▸ **ACTIVITY**
Repeat every line of the data exactly; the pictures stay out.

### THE RECORDS

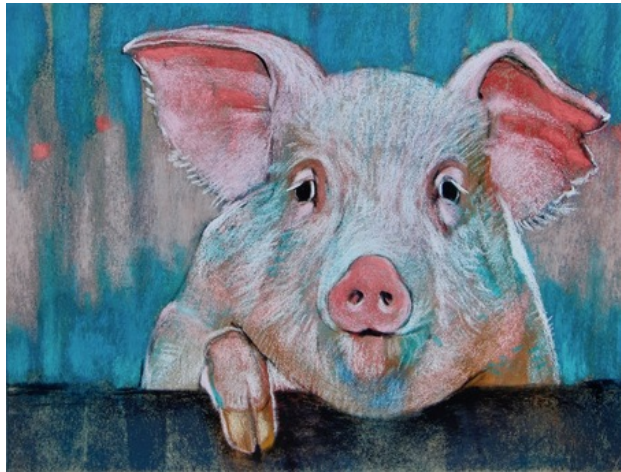
Varken, 2019 pastel , 23x30 cm
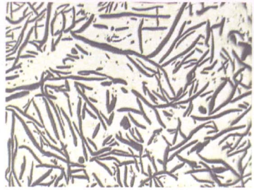
图2 床身的金相组织（珠光体+A型石墨）×100

经粗加工检验，床身的几何尺寸与加工余量均达到图样要求。然而由于在床身生产初期对树脂砂发气量大，机床类铸件易出现导轨面气孔缺陷的认识不够，生产过程未能及时监控型砂中的树脂含量，以及原砂加入量不稳定等因素，造成树脂实际加入量高达3.0%以
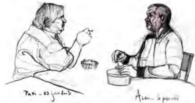
Paris - 23 juin 2003
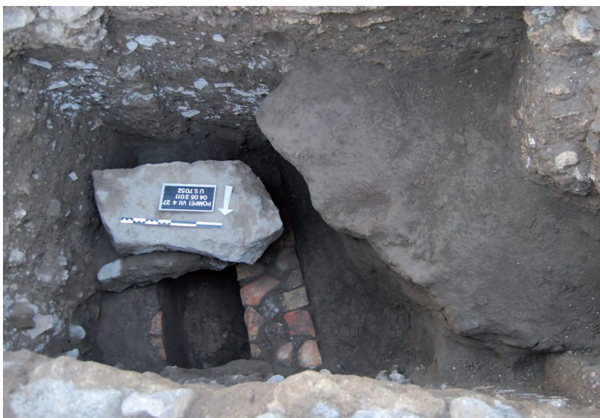
Figura 5: Taberna 27. Canal por debajo de la acera.

Sus paredes están formadas de mampuestos de calcárea con fragmentos de ánfora incrustados. El interior mide 28 cm de profundidad y 35 cm de ancho. Está recubierta por losas de basalto de unas dimensiones medias de 60 cm de largo, 15 cm de espesor y 30 cm de ancho.
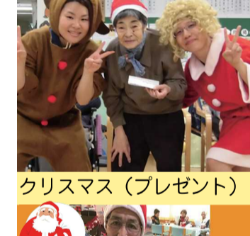
クリスマス(プレゼント)
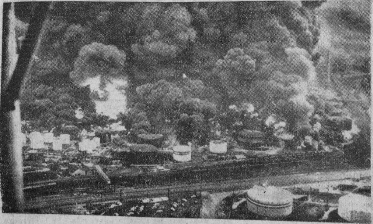
Whiting (Indiana, Estados Unidos).— Un aspecto del pavoroso incendio declarado en la refinera de petróleos de la Standard Oil. Más de un millar de personas se afanan en evitar se extiendan las llamas.
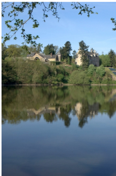
Vue du site, château et commons
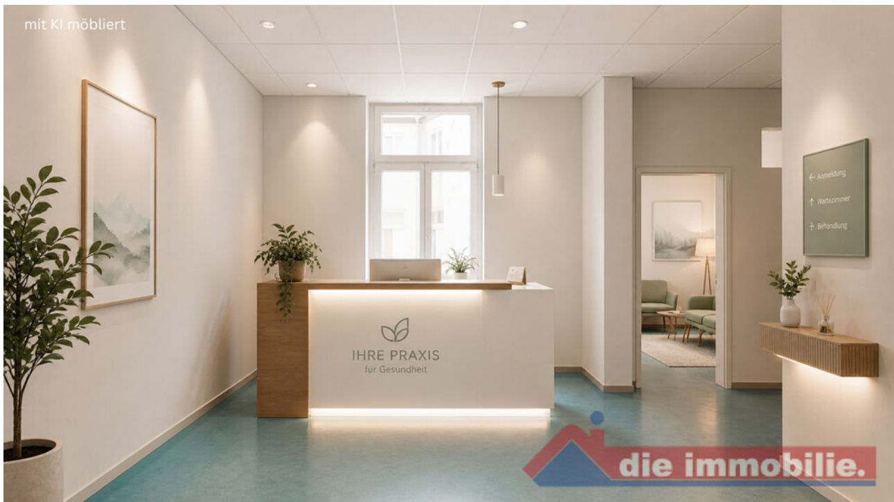
Empfang mit KI möbliert
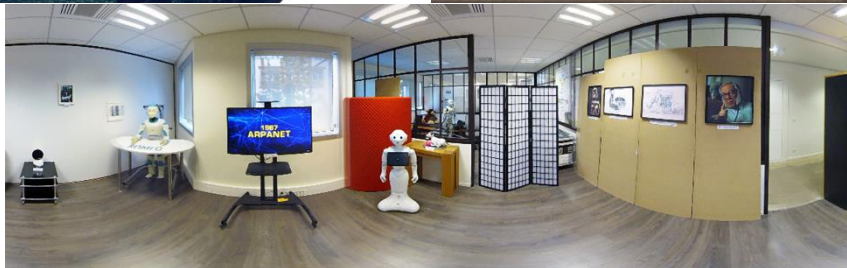
Figure 5 Illustration d'une modélisation virtuelle vidéo 360° 7

Les figures 4 et 5 donnent un bon aperçu de la manière dont une scène identique peut être abordée en réalité virtuelle.
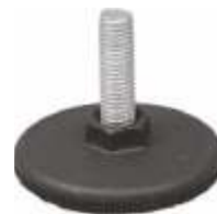
2021 Pé nivelador Diâmetro: 60 mm
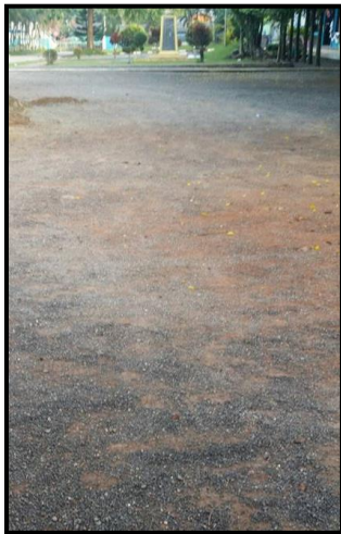
สนามเปตองตอง
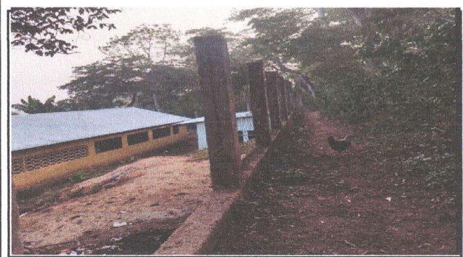
Foto 3: SUSTITUCION DE MALLA METALICA POR MURO DE BLOCK DE 15X40, A UNA ALTURA DE 1.90 MTS.
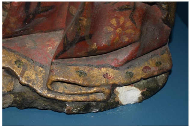
[fig. 8] Suporte: lacuna na base.
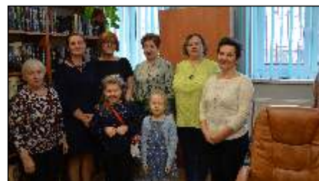
Czytelnik roku 2019 czytaj na stronie 74 >>
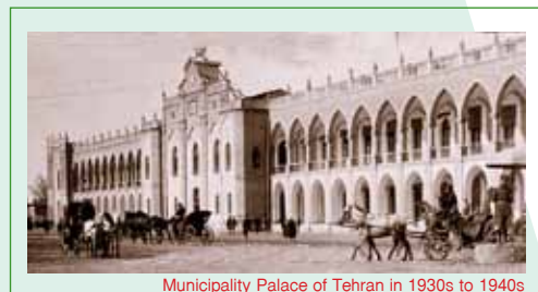
Municipality Palace of Tehran in 1930s to 1940s
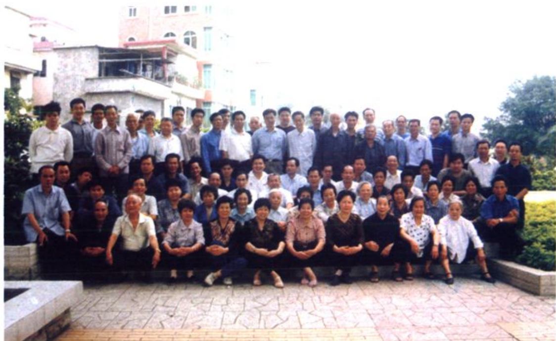
仑头村全体共产党员
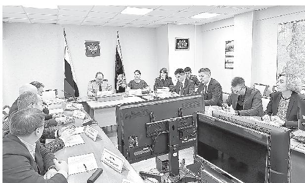
Общественный совет при прокуратуре Свердловской области по защите малого и среднего бизнеса (26 декабря, г. Екатеринбург)
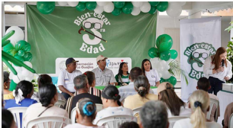
La Gobernación anunció que el programa se ampliará durante 2026 a los quince municipios del Departamento.

La iniciativa, que inició con la participación de los municipios de San Juan del Cesar, Villanueva, El Molino y Fonseca, se desarrolla a través de cinco componentes esenciales: fortalecimiento de la salud física, promoción del
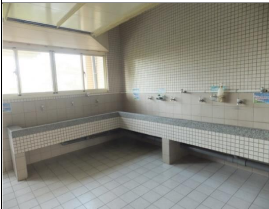
公共區設有洗衣空間和脫水機
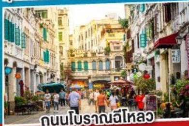
ถนนโบราณอีโหลว
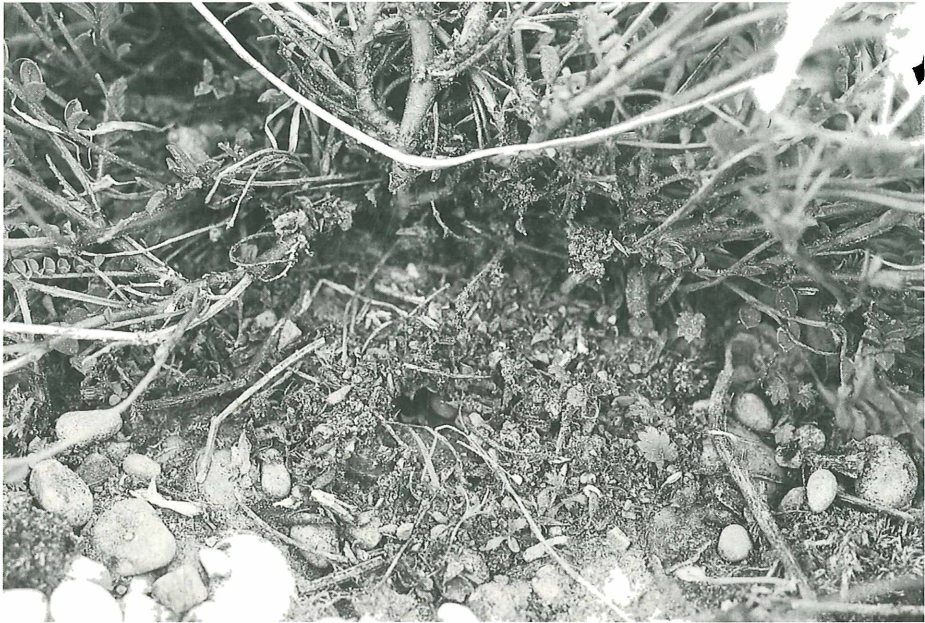
„Stall“ einer L. coridon Raupe an einem Ameisennesteingang von T. caespitum (an der Seite etwas geöffnet (Weiher-Heide, 1.6.98))

„Erfolgsrezeptes“ (MASCHWITZ & FIEDLER 1988) eine einmalige Artenvielfalt unter den Tagfaltern erreicht: circa 6000 Arten weltweit (MASCHWITZ & FIEDLER 1988). Dieser Erfolg ist, soll er fortbestehen, jedoch an intakte Ökosysteme gebunden.

######

▸ **RESULT FOR THIS EXERCISE**
Varken, 2019 pastel , 23x30 cm
图2 床身的金相组织（珠光体+A型石墨）×100

经粗加工检验，床身的几何尺寸与加工余量均达到图样要求。然而由于在床身生产初期对树脂砂发气量大，机床类铸件易出现导轨面气孔缺陷的认识不够，生产过程未能及时监控型砂中的树脂含量，以及原砂加入量不稳定等因素，造成树脂实际加入量高达3.0%以
Paris - 23 juin 2003
Figura 5: Taberna 27. Canal por debajo de la acera.

Sus paredes están formadas de mampuestos de calcárea con fragmentos de ánfora incrustados. El interior mide 28 cm de profundidad y 35 cm de ancho. Está recubierta por losas de basalto de unas dimensiones medias de 60 cm de largo, 15 cm de espesor y 30 cm de ancho.
クリスマス(プレゼント)
Whiting (Indiana, Estados Unidos).— Un aspecto del pavoroso incendio declarado en la refinera de petróleos de la Standard Oil. Más de un millar de personas se afanan en evitar se extiendan las llamas.
Vue du site, château et commons
Empfang mit KI möbliert
Figure 5 Illustration d'une modélisation virtuelle vidéo 360° 7

Les figures 4 et 5 donnent un bon aperçu de la manière dont une scène identique peut être abordée en réalité virtuelle.
2021 Pé nivelador Diâmetro: 60 mm
สนามเปตองตอง
Foto 3: SUSTITUCION DE MALLA METALICA POR MURO DE BLOCK DE 15X40, A UNA ALTURA DE 1.90 MTS.
[fig. 8] Suporte: lacuna na base.
Czytelnik roku 2019 czytaj na stronie 74 >>
Municipality Palace of Tehran in 1930s to 1940s
仑头村全体共产党员
Общественный совет при прокуратуре Свердловской области по защите малого и среднего бизнеса (26 декабря, г. Екатеринбург)
La Gobernación anunció que el programa se ampliará durante 2026 a los quince municipios del Departamento.

La iniciativa, que inició con la participación de los municipios de San Juan del Cesar, Villanueva, El Molino y Fonseca, se desarrolla a través de cinco componentes esenciales: fortalecimiento de la salud física, promoción del
公共區設有洗衣空間和脫水機
ถนนโบราณอีโหลว
„Stall“ einer L. coridon Raupe an einem Ameisennesteingang von T. caespitum (an der Seite etwas geöffnet (Weiher-Heide, 1.6.98))

„Erfolgsrezeptes“ (MASCHWITZ & FIEDLER 1988) eine einmalige Artenvielfalt unter den Tagfaltern erreicht: circa 6000 Arten weltweit (MASCHWITZ & FIEDLER 1988). Dieser Erfolg ist, soll er fortbestehen, jedoch an intakte Ökosysteme gebunden.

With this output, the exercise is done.